(EXERCISE DATA)

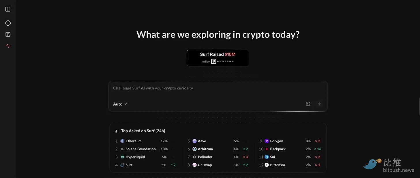 Surf 等项目通过提供加密专用的 AI 研究工具来解决这一问题,这些工具能够整合分散的数据源。在加密领域的所有 AI 用例中,研究的门槛最低,不需要任何编程或交易专业知识。
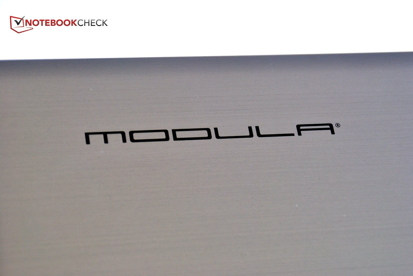 Zugeklappt macht das Modula Ultrabook einen sehr edlen Eindruck. Die graue, gebürstete Metalloberfläche des Displaydeckels zusammen mit dem stilvollen Schriftzug in Schwarz versprechen viel. Die Unterseite hält sich mit dem verwendeten grau lackierten Kunststoff dezent im Hintergrund.
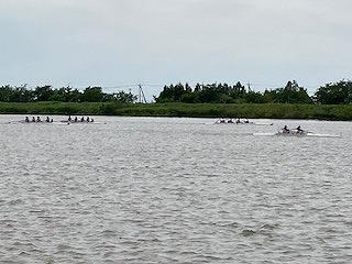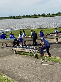 本校ボート部は今日・明日と石川県津幡漕艇場で開催されている「第55回北陸中日レガッタ」に出場しています。新型コロナ感染症に関わる県外大会参加の見合わせで、愛知県や静岡県の大会には参加できませんでしたが、久しぶりの大会です。地元開催とあって、1年生部員も出場。良いコンディションにも恵まれ、見事1000mを漕ぎ切りました。1年生にとっては日頃の練習やトレーニングがいかに大事かを知る良い機会となったのではないでしょうか。本日はタイムトライアルを行い、明日のコースが決定しました。明日も天候は良いようです。

(End EXERCISE DATA)

- [WHAT YOU SHOULD DO] Drop the pictures, then transcribe the lines from the one containing "Zugeklappt macht das" to the end of the data above, exactly and nothing more.

- [OUTPUT OF THE TASK]
 Zugeklappt macht das Modula Ultrabook einen sehr edlen Eindruck. Die graue, gebürstete Metalloberfläche des Displaydeckels zusammen mit dem stilvollen Schriftzug in Schwarz versprechen viel. Die Unterseite hält sich mit dem verwendeten grau lackierten Kunststoff dezent im Hintergrund.
 本校ボート部は今日・明日と石川県津幡漕艇場で開催されている「第55回北陸中日レガッタ」に出場しています。新型コロナ感染症に関わる県外大会参加の見合わせで、愛知県や静岡県の大会には参加できませんでしたが、久しぶりの大会です。地元開催とあって、1年生部員も出場。良いコンディションにも恵まれ、見事1000mを漕ぎ切りました。1年生にとっては日頃の練習やトレーニングがいかに大事かを知る良い機会となったのではないでしょうか。本日はタイムトライアルを行い、明日のコースが決定しました。明日も天候は良いようです。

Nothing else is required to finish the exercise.